The entire plot of the book is that a brilliant and self-serving artist James Incandenza:
1) Genuinely acknowledged to be a true genius in multiple senses of the word
2) Creates a truly successful piece of art in every imaginable sense, only to realize it is not what the world needs.

Despite his pure genius and self-pleasuring and distraction, his entire family and professional life is a complete disaster, and through his self-serving he ruins the life of everyone around him.

The pure art here being the "mental masturbation" that encourages egoist consumption of meaningless art for art's sake- it is being explicitly condemned by the author.

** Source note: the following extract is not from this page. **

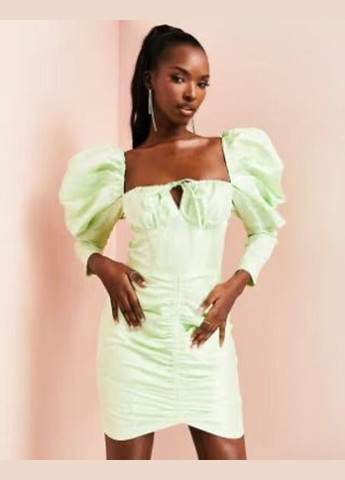 Платье-мини лаймовое ASOS (002320) ASOS LUXE puff sleeve corset dress in lime swirl jacquard ruched satin mini dress. Платье-корсет на подкладке с пышными рукавами и жаккардовым узором цвета лайм. Застежка на молнии на спине, рукава внизу на молниях. Материал – сатин. Состав: 100% полиэстер. Страна бренда -Великобритания, страна производства – Китай.
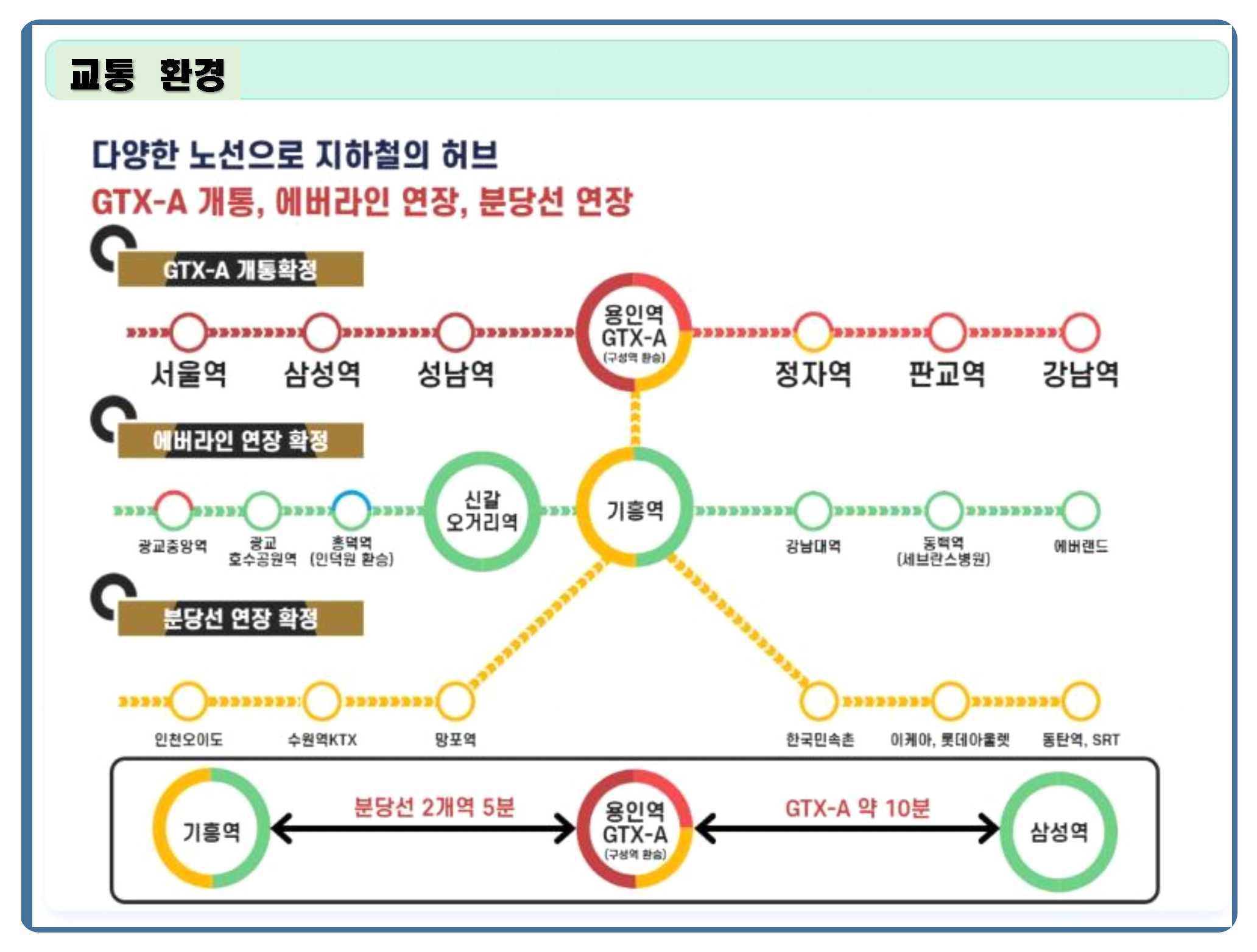 수인분당선을 통해, 기흥역에서는 판교·분당 방면 / 강남 접근 등이 가능합니다.

Do people not read the book with Jim, Hal and Orin as the bad guys and with Mario and Marathe as the good guys? When read this way this book is one of the most deeply moral novels of the past 20 years but people shit on it as "just for prose's sake". What am I missing? Am I just being memed?

>> No.11348557

>>11348510
You do realize DFW's whole goal was to try and transcend post-modernism right
Its not exactly a defense of his book, though

>> No.11348577

>>11348541
>Jim, Hal and Orin as the bad guys and with Mario and Marathe as the good guys
Watching his interviews it's clear this was his intention all along. It was a big slap across the face for him to have his work considered primarily humorous. This is the big tragedy with Infinite Jest: that he unintentionally ended up glorifying the very thing he sought to condemn.

>> No.11348606

>>11348541
In a world such as ours it's not enough to simply be against something; against for example "egoist consumption" or "art for art's sake" etc., and then spend time condemning that thing on moral terms. You must also be FOR something: for an ideal, or a direction to strive towards, to build your life around knowing that your struggle is improving the world. This ideal has to be concrete and real. Not utopian, vague, or abstract, because you must be able to objectively judge the degree to which the world moves toward that goal with your effort.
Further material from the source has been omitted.